I just downed a mug of coffee, my second of the day, and am sitting down to write this post, because this is dang exciting!
I am a Neonatal Intensive Care nurse. Like what?! I feel like just yesterday I was crying on the phone to my parents because my day at clinical was difficult, I had slept about 3 hours the night before, and I had three exams coming up that week. Then just like that here I am, with a parent of one of the babies I was caring for last week asking me if I was their baby's nurse and I replied, "Oh I am just a student!" having to then correct myself because, oh yeah I am their baby's nurse. Yikes! A face-palm kind of moment honestly. Luckily I corrected myself and explained I am a nurse, just new, and the mom and I got a good chuckle out of it.
Reflecting on having my first full week working as a nurse in the NICU, I could not be happier! Nursing school was hard, kind of distorting why on earth I chose this profession in the first place. I didn't feel on fire to get working honestly, and post-NCLEX summer was a little scary, as I knew I would have to start working and be thrown into a new environment with all new people, without my classmates beside me, like all of my previous clinical experiences.
What if my coworkers don't like me? What if I am not smart enough? What if I can't handle the pressure it takes to care for critically sick babies? What if I don't love it? These were all questions I was asking myself leading up to my start date. I was scared. I was not confident. And mostly, I was skeptical that all of the anticipation I had for this job being the absolute dream would only lead to disappointment. After all, it felt too good to be true that I would get my absolute dream job, and it would actually be everything I imagined it would be.
Boy was my worrying for nothing. I walked up on that floor to the scrub sinks on my first day (to do our 2 minute scrub we do everyday) without a clue of where to go or what to do next, only to be greeted by a nurse named Madi, and on her nametag read "Neonatal Intensive Care," the same as mine. She greeted me with a smile and showed me where to get my report sheet and check my assignment for the day. I felt welcomed. Meeting my preceptor, she explained our day, walked me through how to do our assessments and how our day would be structured, and it felt so right. The floor felt like home. The work felt like it was made for me to do. And my coworkers felt like a family. It was truly a beautiful moment, giving me a feeling that this is where I am meant to be, where God has called me. It sounds so cliché, but that day, for the first time in a long time, it truly felt like my life had fallen into place.

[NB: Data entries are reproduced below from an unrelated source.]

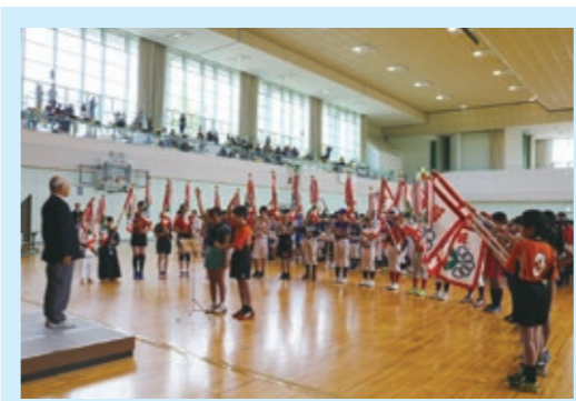
5月12日(土)に富谷スポーツセンターで、富谷市スポーツ少年団結団式を開催。24団、363名が参加し、団員の健康づくりと互いの交流・親睦を深めました。

「家族・お友達と、ぜひご参加ください。」 【日時】7月8日(日) 【会場】富谷スポーツセンター 【対象】市民の方 【申込】6月22日(金)まで、各地区スポーツ普及員を通して申し込みください。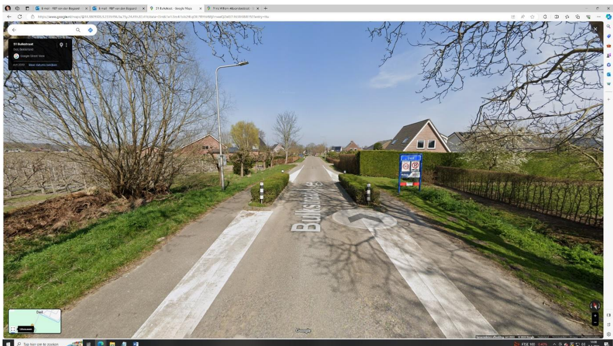
Foto met zicht op de bulkstraat bij een bord waarbij de bebouwde kom wordt verlaten. Ook hier is een wegversmalling zichtbaar, maar dan met twee afzonderlijke fietspaden aan weerszijden van de wegversmalling.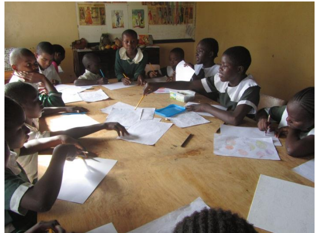
Tekenen voor de veiling in Meije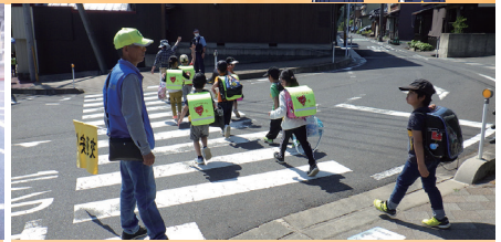
防犯ボランティア等による見守り活動【智頭】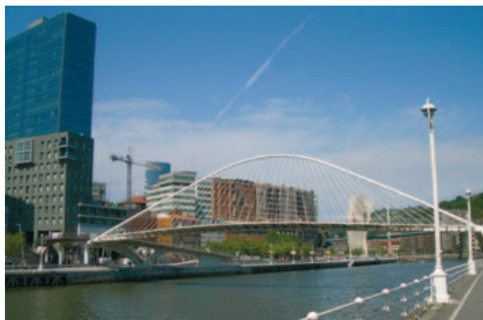
Bilbao ocupa, junto a Madrid, los primeros lugares del ránking.

El estudio pretendía conocer el impacto social y medioambiental de las principales ciudades españolas, incluyendo las 17 capitales autonómicas y las ocho ciudades más pobladas: Alicante, Barcelona, Bilbao, Córdoba, Coruña, Gijón, L'Hospitalet de Llobregat, Logroño, Madrid, Málaga, Mérida, Murcia, Oviedo, Palma de Mallorca, Las Palmas de Gran Canaria, Pamplona/Iruña, Santander, Santiago de Compostela, Sevilla, Toledo, Valladolid, Valencia, Vigo, Vitoria-Gasteiz y Zaragoza ★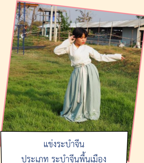
แข่งระบำจีน ประเภท ระบำจีนพื้นเมือง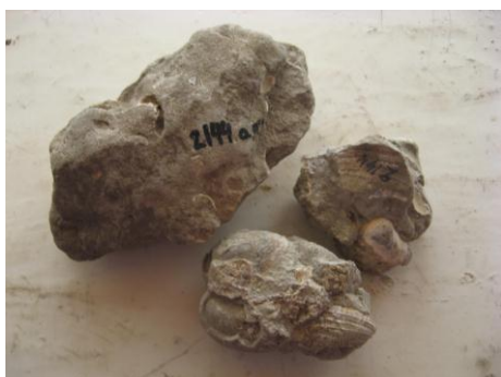
8. КП-2144 1968г. Камни с отпечатками ракушек. Найдены за оврагом севернее г. Камышина. Размеры: от 10x7 до 3x3 см.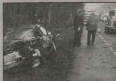
W tym wypadku nie było ofiar

W poniedziałek na trasie Polkowice – Lubin doszło do kolizji drogowej: samochód osobowy wjechał w tył auta ciężarowego, wiozącego dwie butle z gazem.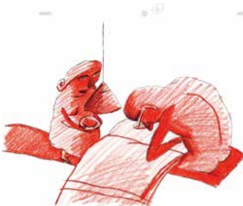
▲ミハエラ・パヴラートヴァー監督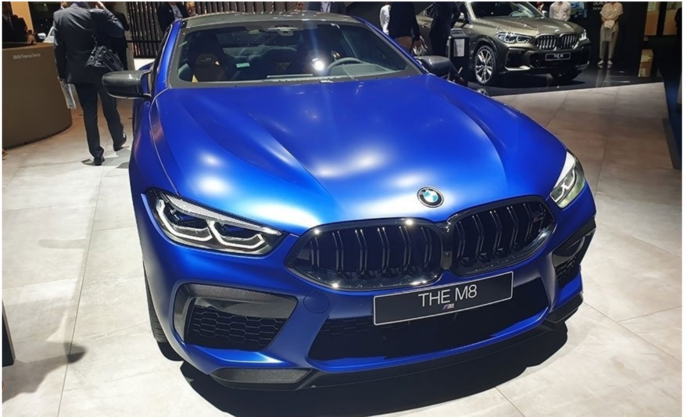
Фото. Нові кольори, які пропонують автовиробники, як правило, сатинові, а не повністю матові.

Автомобілі з матовим покриттям вже стали звичним явищем на наших вулицях. Ще близько 10 років тому автомобілі з таким покриттям траплялися дуже рідко, зазвичай це були дуже дорогі спортивні автомобілі, і часто покупцю потрібно було чимало доплатити за такий тип покриття.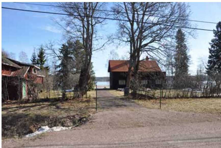
Nationalromantiskt hus och ombyggt portlider/loftbod till vänster i bilden. Fritidsbusbebyggelse från tidigt 1900-tal vid Östervikens strand. Fornby 166:I.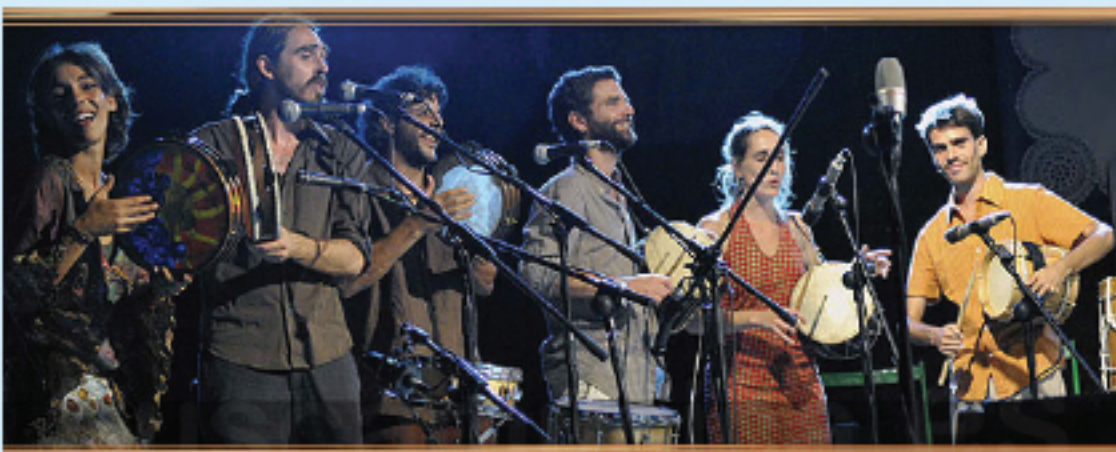
Une partie de l'ensemble COETUS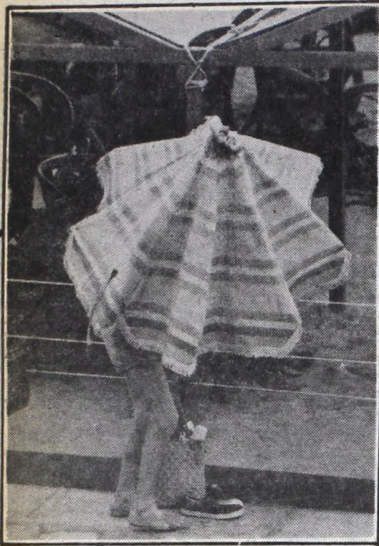
Todos los recursos son buenos para cubrirse de las torrenciales lluvias, en las playas marplatenses

El dinero provenía, al parecer, de una empresa metalúrgica que trabajaba para el Ministerio y para la Compañía de Transportes Públicos de París. En un control de los libros de la empresa, las oficinas del fisco notaron que se habían contabilizado cuatro millones de francos para prestaciones sociales, a pesar de que no existían los empleados correspondientes.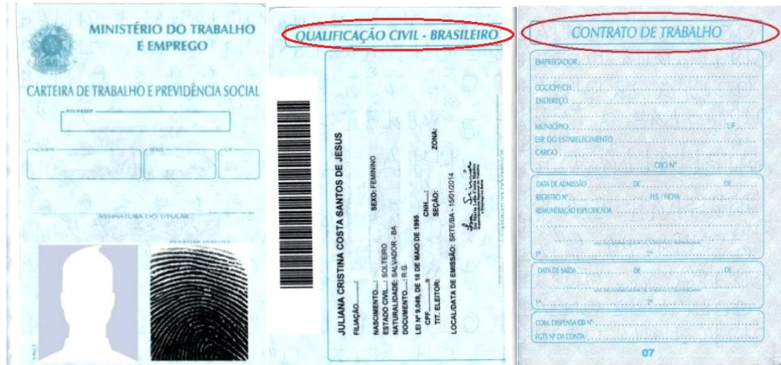
Figura 3: Página de identificação. Fonte: Google;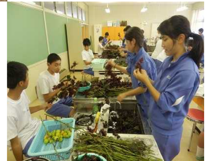
中・地域交流：梅干しづくり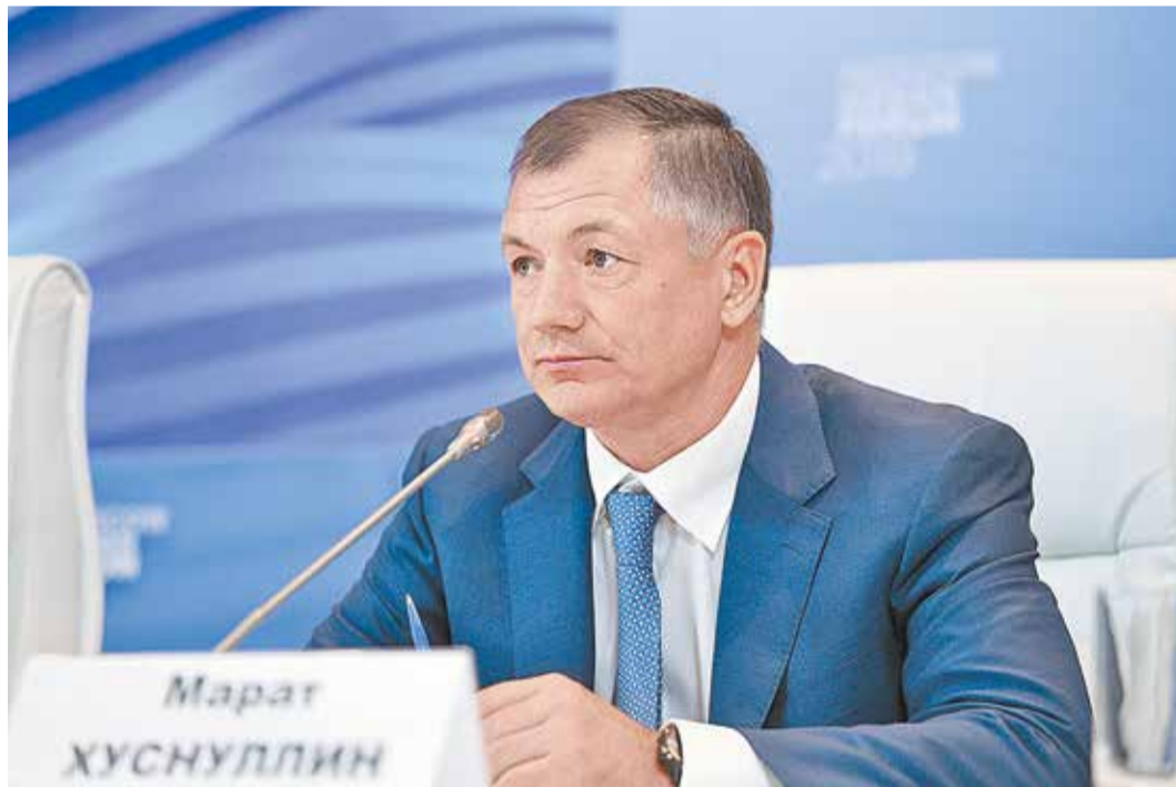
Заместитель председателя правительства РФ Марат Хуснуллин

Главными задачами нового кабинета станут развитие экономики и повышение благосостояния граждан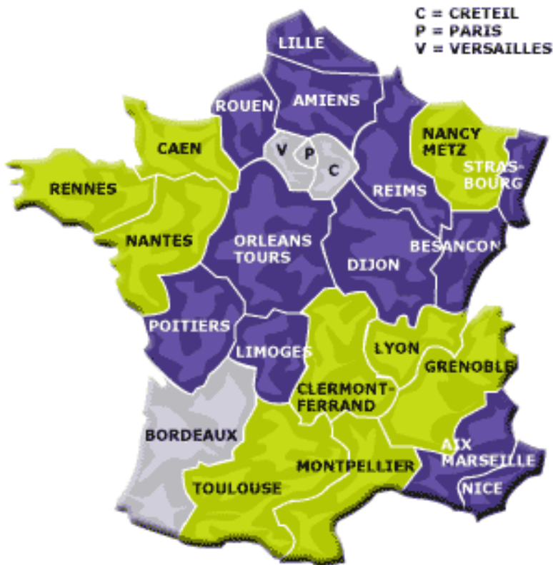
Abb. 2 Die Akademien

Detail: siehe http://www.education.gouv.fr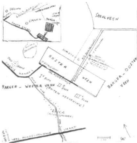
Overzichtkaart van de omgeving van het Oosterveen en het Smeulveen Circa 1865. Tekening WV

om de uitgestrekte venen van Zuidoost-Drenthe - het 'bruine goud' - aan te snijden. Het ging dus om een soort goldrush. Een in die jaren een tot de verbeelding sprekend fenomeen. In Amerika werden in die tijd veel goudvondsten gedaan, wat in Nederland niet onopgemerkt was gebleven. Daarnaast werd ook nog eens het 'nationale gevoel' versterkt toen de maatschappij ook nog eens het exclusieve recht kreeg om het kanaal Oranjekanaal te mogen noemen. Het kon dan ook niet anders dan dat de ondernemers gingen 'voor goud'. Al in 1853 had de maatschappij van de boermarke van Noord- en Zuidbarge twee grote complexen veen gekocht, in totaal zo'n 1.500 hectaren. Het ging hier om het onder Zuidbarge gelegen Oosterveen, groot 560 ha en het op enige afstand noordoostelijk daarvan gelegen Smeulveen van 978 ha. De tussen beide veencomplexen gelegen gronden - op een uitloper van de Hondsrug, waar later Nieuw-Dordrecht zou ontstaan - waren door hun hoge ligging ongeschikt voor vervening.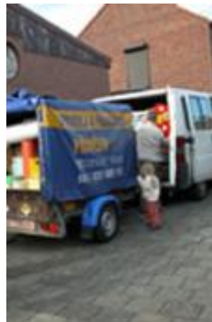
Při nakládání v Meersenu.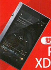
雙DSP雙生兒 Pioneer XDP-300R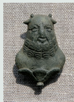
Bronzen woudegeest (© Graafschap Jette - Comté de Jette).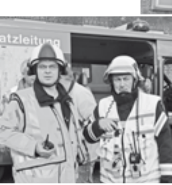
Bilder von der ...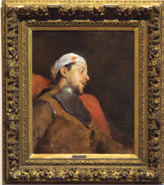
Luca Bizzoni, 2018 The Last Days of Pompeii Oil on canvas 100 x 100 cm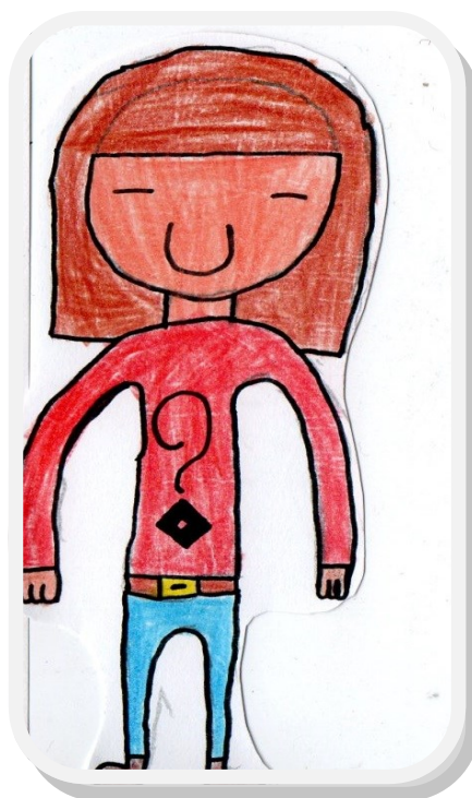
Rysował Witek Iech (klasa 5d)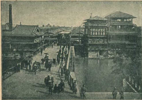
Іебиссо, предместье Осаки.

4 ноября 1873 года народъ получилъ конституцію, переработанную и расширенную 11 февраля 1889 года. По этой послѣдней кон-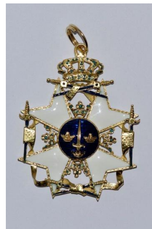
Рис. 2. Наукова реконструкція ордену Меча, 2020 р. З фондової колекції Національного заповідника «Гетьманська столиця».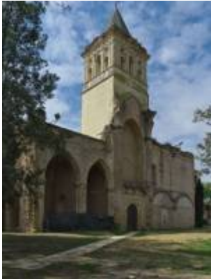
Campanario del convento de San Jerónimo de Buenavista.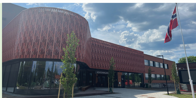
Nannestad bibliotek har flyttet inn i nye lokaler i kommunehuset og tatt i bruk FRI Meråpent bibliotek.

Vi takker også for tilliten fra skolene i Narvik som valgte Bibliofil som biblioteksystem i deres anbudskonkurranse.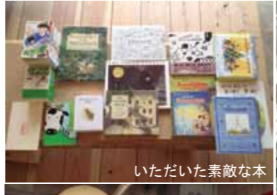
いただいた素敵な本

関西大学団地再編プロジェクトでは、団地の再生・更新をテーマに海外・国内団地の研究を行ってきました。集合住宅団地は少子高齢化コミュニティの弱体化、住宅の老朽化、設備の陳腐化などの社会問題を抱えています。物理的な「空間」だけでなく、市や行政・企業と協力する仕組みを作る「公共政策・マネジメント」、地域ごとに違うあり方をする「コミュニティ」も同時に考えていこうとしています。その過程で、住民の方の意見は貴重なものとなります。 現在は DM 住宅の普及活動の進め方・提案、子育て支援施設、子育て住戸の計画が進行中です。体験談や日常の困ったこと等あれば是非だんだんテラスでお聞かせください。 団地のミライを一緒に考えましょう。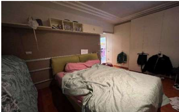
11 Letto sud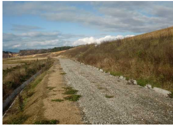
萩野地区(湯沢方向)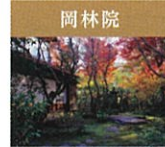
岡林院 1608年久林玄昌禅師によって創建。現在残っている高台寺塔頭の中心では最も古い。創建当初は北政所の念じ仏と同じ千体地蔵がご本尊であった。庭は墓地として作られた苔の庭であり、茶席「忘知席」は豊千家又尾庵の写しとして有名。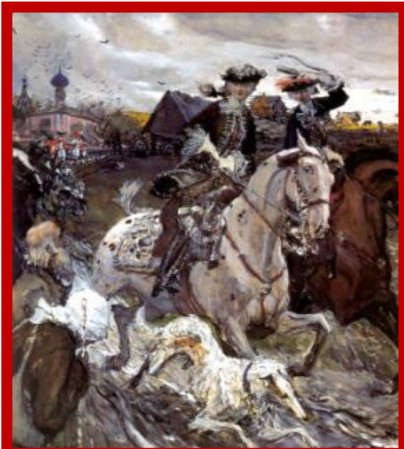
Валентин Серов. Петр II и цесаревна Елизавета на псовой охоте.

Участия в управлении государственными делами не принимал, фактически страной управлял Верховный тайный совет. Открыто выражал пренебрежение к реформам Петра I. Перенёс столицу из Санкт-Петербурга в Москву.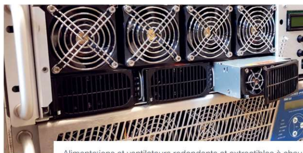
Alimentations et ventilateurs redondants et extractibles à chaud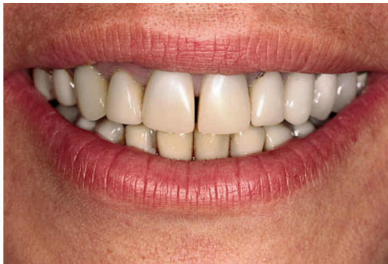
> Abb. 3-5c

Abb. 5 Das Diastema zwischen den oberen mittleren Schneidezähnen und die alten Kunststoffveneers oben und unten sind bei dieser Patientin in Ruheposition ebenso wie beim Sprechen besonders auffällig (a bis c). Die Kunststoffveneers wurden entfernt und mit ästhetischeren Materialien ersetzt (Kronen oben und Keramikveneers unten). Spontanere Lippenbewegungen zeugen vom wiedergewonnenen Selbstvertrauen der Patientin (d bis h).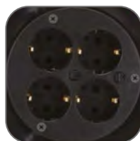
Розеточный блок на четыре гнезда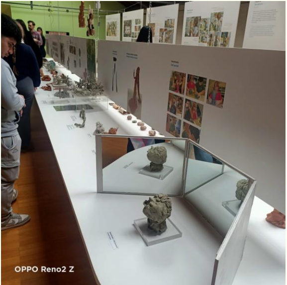
OPPO Reno2 Z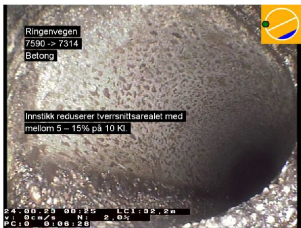
24.08.2023 080713_7314_7590_24082023_080913_008.jpg, 00:06:27, 32.20m Innstikk reduserer tverrsnittsarealet med mellom 5 – 15% på 10 Kl.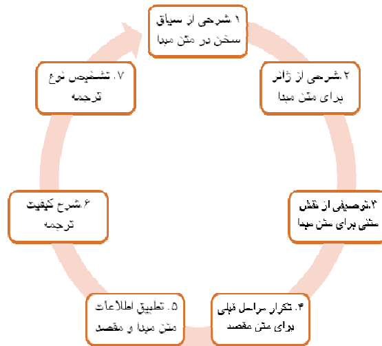
شکل ۲: مراحل اجرای الگوی جولیان هاوس Shape2. Steps of Julian House Pattern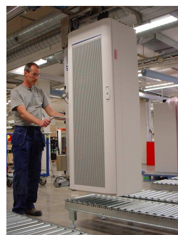
Avlämning på rullbana till produktion

Din partner vid val av funktionslösningar inom lyft och hantering av lättare gods.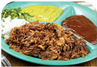
BARBACOA DE BORREGO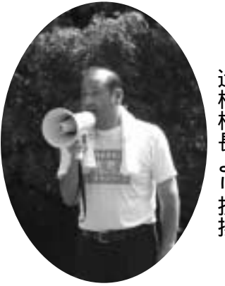
辻村村長より挨拶

毎年の行事として実施されている吉野川マナーアップキャンペーンが本年も、8月5日(日)に黒滝・森物語村周辺の河川で行われました。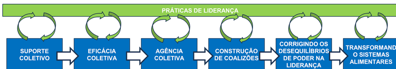
Figura 1 -Nodos da Teoria da Mudança

A revisão de escopo tem como objetivo definir cada um desses nodos da Teoria da Mudança proposta para as atividades do NGLC incluindo saberes de diferentes áreas do conhecimento.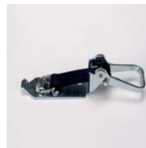
Spannverschluss aus verzinktem Stahl Länge Gummiband 90 mm Art. Nr. 100893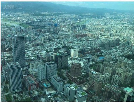
小坪數房子已漸成市場主流。

該民眾表示，高雄本來屬於地廣人稀的地方，而且高雄人有一個特色，那就是「非透天不住的基因，什麼兩房、小三房，都只是天龍國自我感覺『有房子』的安慰」。但前幾天陪朋友去看房子時發現，高雄也開始賣起「兩房」的房子，而且很快就完銷，讓身為土生土長高雄人的他非常不解。

The NICU is an amazing place, with all of my patients being babies, it was intimidating coming into it, but the more I have worked, the more comfort I have in knowing, I would not want it any other way. The parents are kind, and you get to support them in the journey of nursing their little one back to health in many cases. I am with stable babies at this point in my orientation, so getting to pick up the babes, watch their personalities come out, and support the parents as they near taking their babe home is something that is so fulfilling. I am aware that this is not what every NICU stay is like, that often there are very sad endings to many stays on our unit, but for now, I am getting the happy endings, and I will take it while it lasts.
You scrub in, you wear your mask for 12+ hours (because COVID), you hold little lives in your hands, and teach eager moms and dads how to care for them in preparation for discharge, and you end your day knowing you made a difference in many lives that shift. Then you go to bed and do it all again, each day just as good as the last, if not better.
My job seriously rocks! My coworkers are kind and amazing, and my preceptor is out of this world. I am so grateful to be where I am at, and yes, that is cloud 9 for now! I am ecstatic that I get to care for tiny humans, and get to be on a team that saves and preserves the tiniest of lives. A person's a person, no matter how small. I am so grateful I am able to care for these little people. I know that I have a lot to learn, that I have a long way to go. But I think the most beautiful part of starting my nursing career with these tiny humans in the NICU, is that we get to grow together.
you are blessed. you are gifted. you are loved and appreciated, just as you are.